# Prendre des cours sur Ipad et Mac



## omni (27 Novembre 2011)

Bonjour,

Je ne connais pas vraiment l'Ipad.
J'ai une question qui peut paraître simple : Si je suis étudiant et que j'ai des cours sur mon MAc book puis-je les récupérer sur l'Ipad et vice et versa ?
Je suppose qu'il faut bien sûr que le format des cours soit pages, ou pdf ou RFT ?
Mais comment synchronise-ton ?
Si je branche l'ipad au MAc = synchro ?


----------



## Gwen (27 Novembre 2011)

La synchro peut se faire de différente manière. Avec iTunes, dans l'onglet Application de ton appareil. Ou avec un système de Cloud avec un système comme la Dropbox.
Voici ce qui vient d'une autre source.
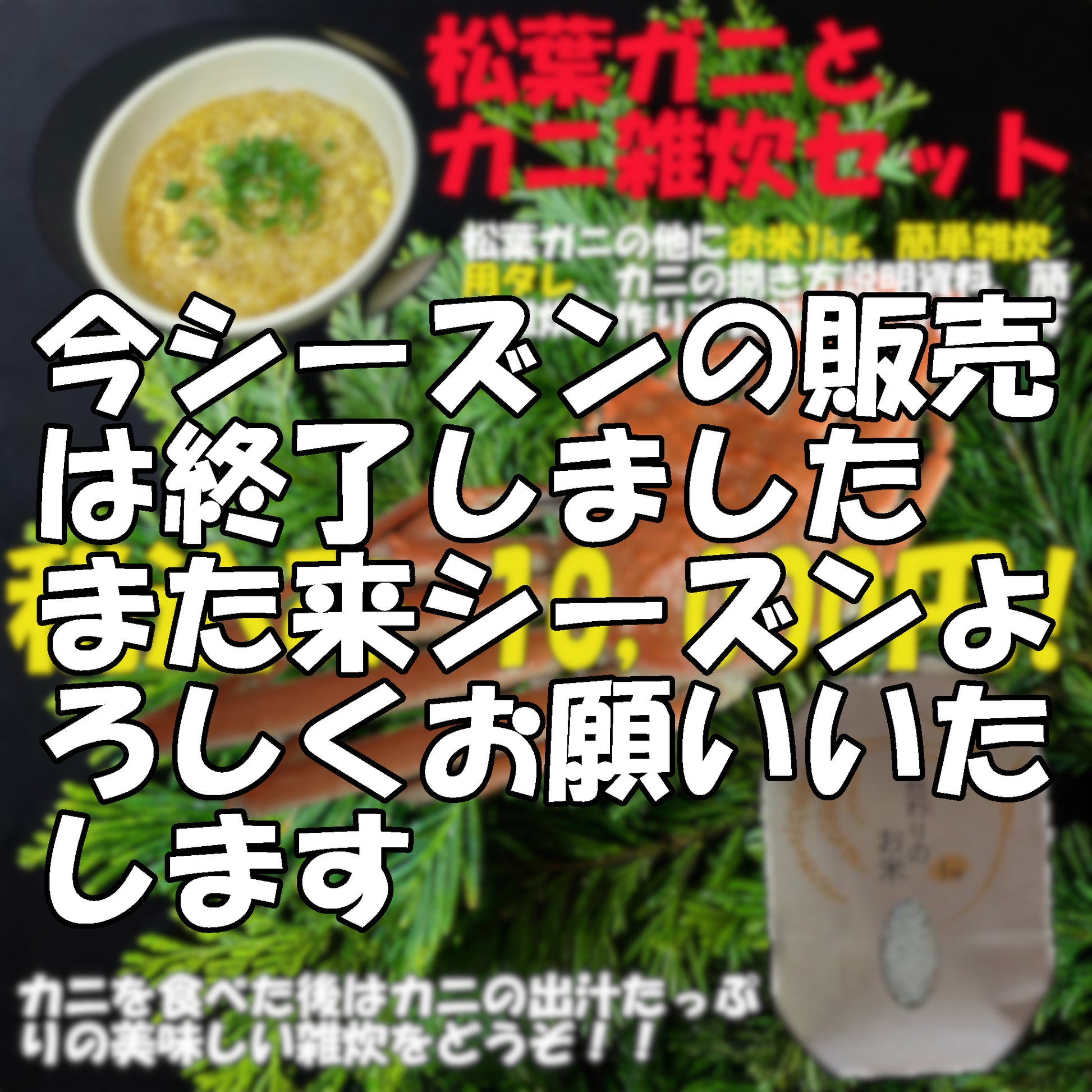 ・松葉ガニ1枚(400ー500g ユビ落ちの場合もあります)、雑炊用のお米1㎏に簡単雑炊用タレをお付けします

De tut de façon, si tu n'es pas inscrit sur DropBox, tu devrais commencer par faire ça, cela permettra de synchroniser tes fichiers facilement entre tous tes appareils.


----------



## Heatflayer (28 Novembre 2011)

Sinon y'a l'option iCloud !


----------



## Gwen (28 Novembre 2011)

iCloud ne se synchronise pas avec l'ordinateur pour le moment. C'est un gros souci je trouve. Impossible de transférer des fichiers d'un iBidule vers page sur Mac. 

Sinon, c'est génial


----------



## sifodias (28 Novembre 2011)

Une autre astuce est de s'envoyer par mail son cours. Comme ça tu pourra le lire n'importe ou tu va vu que ta boite mail te suit partout en principe sur toutes machines à la pomme ^^


----------



## omni (30 Novembre 2011)

Merci à vous. Pour DROPBOX effectivement j'ai un compte depuis un an environ et c'est très bien.
Mais je voulais savoir si simplement en connectant l'ipad et le mac ensembles, une synchro des docs s'effectuait.
D'après vos réponses, oui via Itune et l'onglet applications. Donc reste à trouver le "bon" logiciel de prise de note qui existera sous ipad et sous mac.

Merci à vous.


----------